Excerpted data =>
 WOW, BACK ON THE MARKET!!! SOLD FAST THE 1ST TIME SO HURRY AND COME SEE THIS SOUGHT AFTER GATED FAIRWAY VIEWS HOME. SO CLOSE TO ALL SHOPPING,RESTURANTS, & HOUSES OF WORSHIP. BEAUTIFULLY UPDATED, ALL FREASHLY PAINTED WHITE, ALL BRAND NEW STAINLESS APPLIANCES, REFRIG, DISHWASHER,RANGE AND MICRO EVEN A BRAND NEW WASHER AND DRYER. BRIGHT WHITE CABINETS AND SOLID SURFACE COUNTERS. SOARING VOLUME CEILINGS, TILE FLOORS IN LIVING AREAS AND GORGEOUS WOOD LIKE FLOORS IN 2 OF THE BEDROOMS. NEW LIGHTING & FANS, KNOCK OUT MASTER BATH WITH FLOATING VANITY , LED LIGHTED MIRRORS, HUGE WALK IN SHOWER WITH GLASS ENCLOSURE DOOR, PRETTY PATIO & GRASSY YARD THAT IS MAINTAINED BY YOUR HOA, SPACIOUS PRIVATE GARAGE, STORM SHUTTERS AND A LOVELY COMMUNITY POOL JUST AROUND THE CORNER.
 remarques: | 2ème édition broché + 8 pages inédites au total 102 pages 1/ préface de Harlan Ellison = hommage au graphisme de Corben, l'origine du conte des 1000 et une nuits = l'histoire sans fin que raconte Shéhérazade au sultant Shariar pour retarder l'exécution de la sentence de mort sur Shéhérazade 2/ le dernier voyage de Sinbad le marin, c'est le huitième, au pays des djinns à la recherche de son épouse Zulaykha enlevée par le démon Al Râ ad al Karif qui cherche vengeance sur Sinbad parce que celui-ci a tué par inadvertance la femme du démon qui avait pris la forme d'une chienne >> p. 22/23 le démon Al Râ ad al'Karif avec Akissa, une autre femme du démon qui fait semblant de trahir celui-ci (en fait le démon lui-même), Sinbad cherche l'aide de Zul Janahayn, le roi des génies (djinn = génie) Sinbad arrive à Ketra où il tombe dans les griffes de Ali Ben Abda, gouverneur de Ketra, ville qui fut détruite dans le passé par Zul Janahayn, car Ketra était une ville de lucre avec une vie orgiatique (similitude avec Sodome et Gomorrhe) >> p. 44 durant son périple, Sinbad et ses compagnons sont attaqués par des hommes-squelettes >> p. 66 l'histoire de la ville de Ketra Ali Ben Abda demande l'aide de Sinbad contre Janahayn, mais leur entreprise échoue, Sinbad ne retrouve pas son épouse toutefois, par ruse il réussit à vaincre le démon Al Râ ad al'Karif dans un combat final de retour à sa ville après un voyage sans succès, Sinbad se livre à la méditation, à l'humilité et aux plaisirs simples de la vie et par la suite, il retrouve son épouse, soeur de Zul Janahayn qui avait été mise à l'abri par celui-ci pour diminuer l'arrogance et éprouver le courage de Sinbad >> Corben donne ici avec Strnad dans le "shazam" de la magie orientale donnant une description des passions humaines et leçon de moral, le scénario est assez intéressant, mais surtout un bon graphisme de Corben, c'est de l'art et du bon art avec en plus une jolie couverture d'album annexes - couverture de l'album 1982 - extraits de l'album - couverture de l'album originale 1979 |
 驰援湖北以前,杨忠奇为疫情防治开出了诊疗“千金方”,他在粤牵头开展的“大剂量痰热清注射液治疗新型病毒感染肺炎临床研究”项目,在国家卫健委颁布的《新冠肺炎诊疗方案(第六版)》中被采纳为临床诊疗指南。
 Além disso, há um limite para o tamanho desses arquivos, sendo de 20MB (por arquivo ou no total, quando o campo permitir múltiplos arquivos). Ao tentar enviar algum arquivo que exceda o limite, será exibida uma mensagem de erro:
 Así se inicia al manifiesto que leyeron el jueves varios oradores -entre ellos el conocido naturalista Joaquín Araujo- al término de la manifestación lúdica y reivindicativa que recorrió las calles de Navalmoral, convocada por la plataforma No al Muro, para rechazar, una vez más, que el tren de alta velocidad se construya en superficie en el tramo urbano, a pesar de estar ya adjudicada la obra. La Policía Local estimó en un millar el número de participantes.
...
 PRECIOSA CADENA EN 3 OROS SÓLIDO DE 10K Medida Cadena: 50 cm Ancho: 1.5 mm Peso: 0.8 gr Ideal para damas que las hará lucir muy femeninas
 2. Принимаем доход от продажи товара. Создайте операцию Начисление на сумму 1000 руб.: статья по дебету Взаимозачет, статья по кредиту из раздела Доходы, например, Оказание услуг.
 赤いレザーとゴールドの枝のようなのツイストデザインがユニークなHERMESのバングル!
---
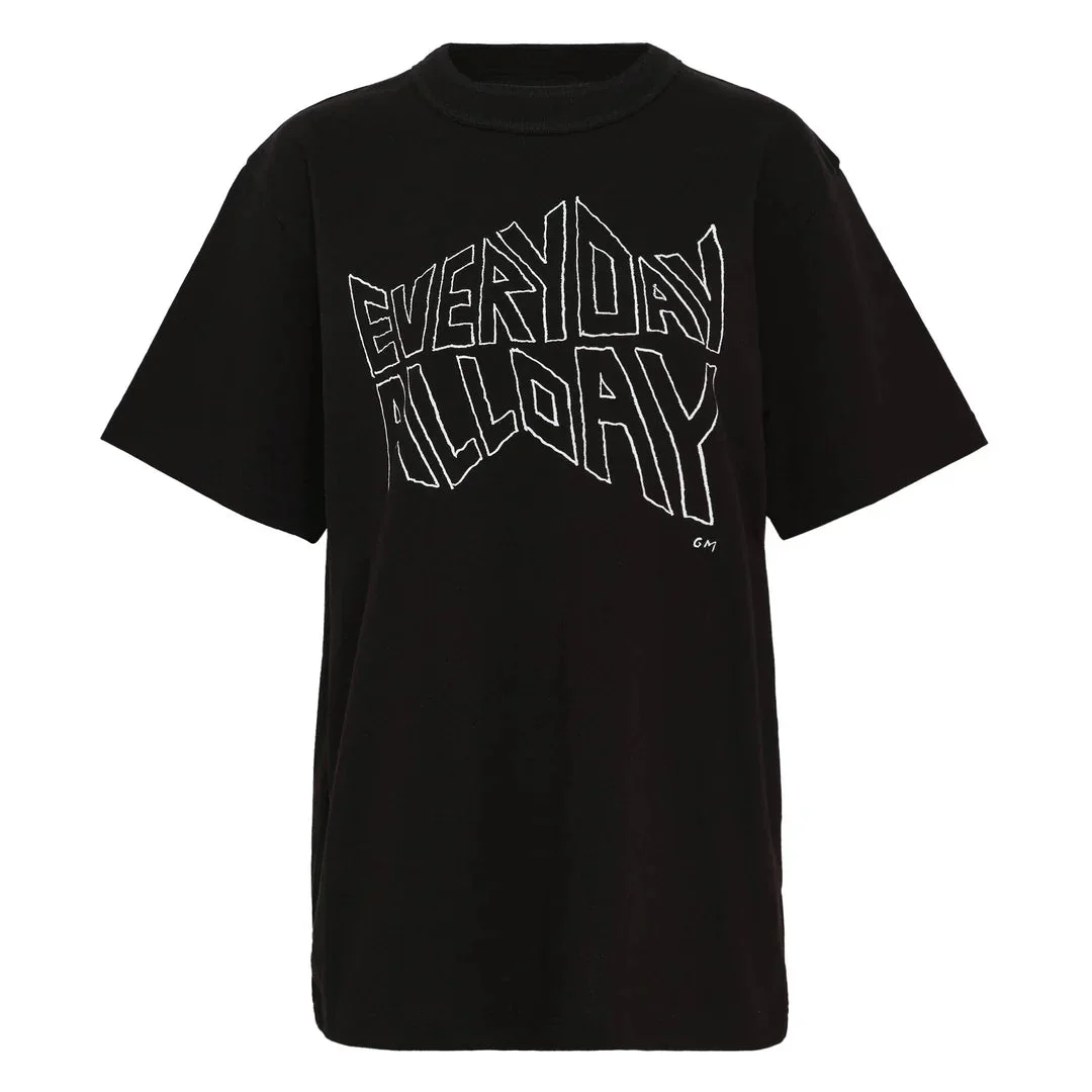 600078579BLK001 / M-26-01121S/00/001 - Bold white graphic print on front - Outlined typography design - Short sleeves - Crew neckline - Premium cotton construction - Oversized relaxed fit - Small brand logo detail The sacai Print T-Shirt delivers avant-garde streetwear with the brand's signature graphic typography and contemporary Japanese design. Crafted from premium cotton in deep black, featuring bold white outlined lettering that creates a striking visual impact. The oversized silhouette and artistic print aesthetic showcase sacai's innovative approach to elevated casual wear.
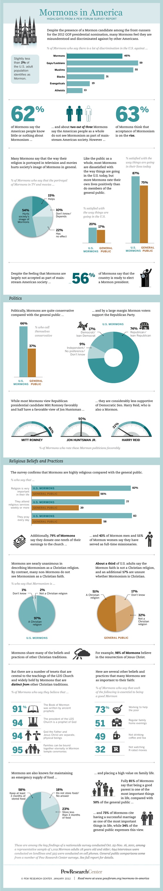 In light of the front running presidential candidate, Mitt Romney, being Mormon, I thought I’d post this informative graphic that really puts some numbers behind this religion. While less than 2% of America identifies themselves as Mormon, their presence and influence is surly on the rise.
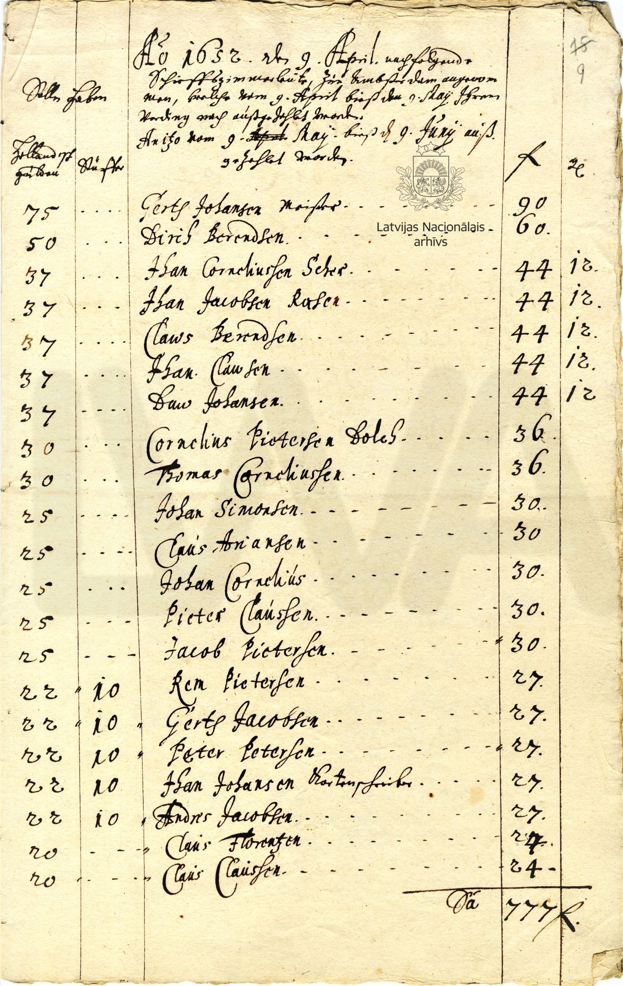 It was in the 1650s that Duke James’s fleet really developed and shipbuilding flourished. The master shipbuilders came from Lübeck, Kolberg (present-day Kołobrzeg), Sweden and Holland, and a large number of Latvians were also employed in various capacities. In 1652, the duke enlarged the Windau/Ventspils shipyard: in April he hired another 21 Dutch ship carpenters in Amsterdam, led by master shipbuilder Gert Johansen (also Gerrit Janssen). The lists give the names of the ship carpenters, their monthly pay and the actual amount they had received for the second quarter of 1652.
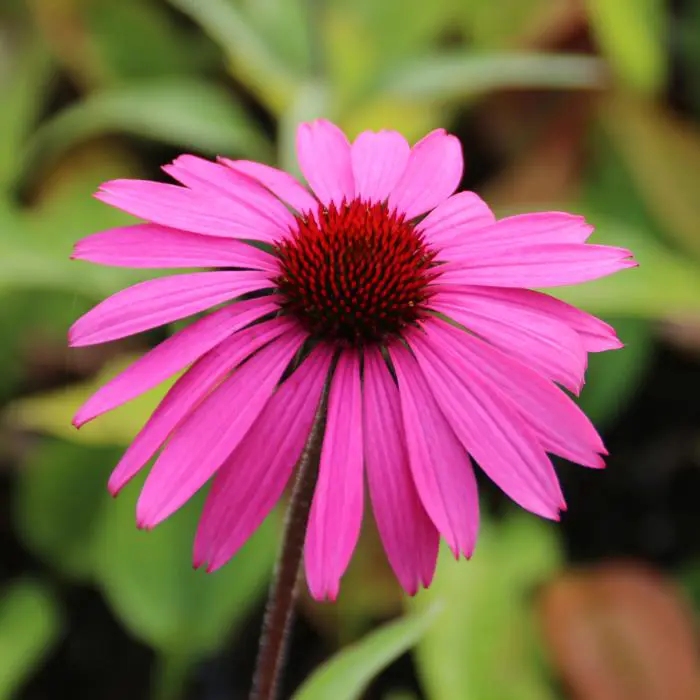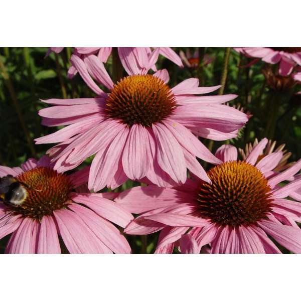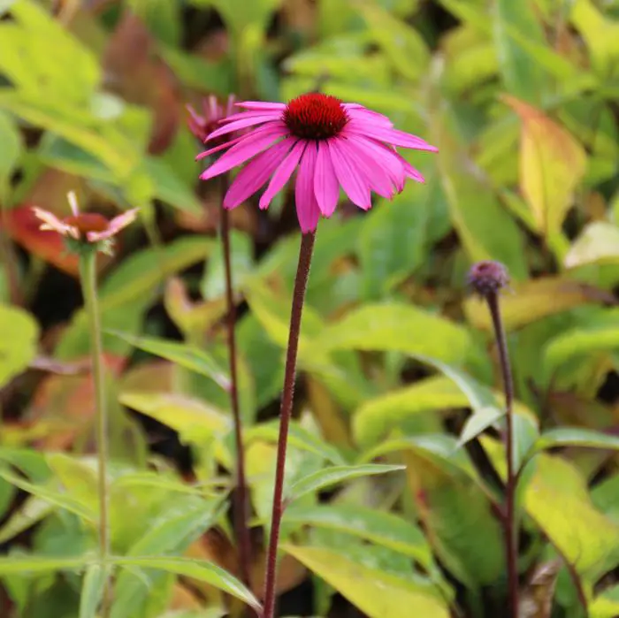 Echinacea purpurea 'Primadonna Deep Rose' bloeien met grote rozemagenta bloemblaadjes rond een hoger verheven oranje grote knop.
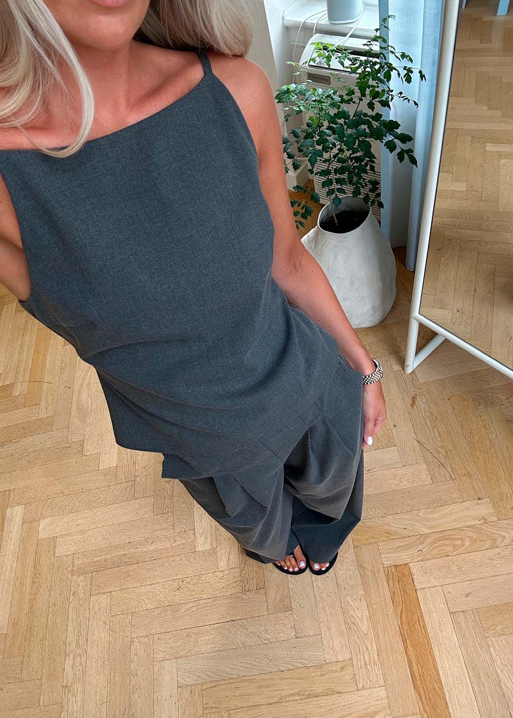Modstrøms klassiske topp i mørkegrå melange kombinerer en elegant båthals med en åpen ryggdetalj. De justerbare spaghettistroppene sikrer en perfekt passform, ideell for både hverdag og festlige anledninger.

Exercise aim =>
Using the listing above, return word for word each line from the one that has "Além disso, há" through the one that has "Así se inicia", and no line outside that range.

Your solution =>
 Além disso, há um limite para o tamanho desses arquivos, sendo de 20MB (por arquivo ou no total, quando o campo permitir múltiplos arquivos). Ao tentar enviar algum arquivo que exceda o limite, será exibida uma mensagem de erro:
 Así se inicia al manifiesto que leyeron el jueves varios oradores -entre ellos el conocido naturalista Joaquín Araujo- al término de la manifestación lúdica y reivindicativa que recorrió las calles de Navalmoral, convocada por la plataforma No al Muro, para rechazar, una vez más, que el tren de alta velocidad se construya en superficie en el tramo urbano, a pesar de estar ya adjudicada la obra. La Policía Local estimó en un millar el número de participantes.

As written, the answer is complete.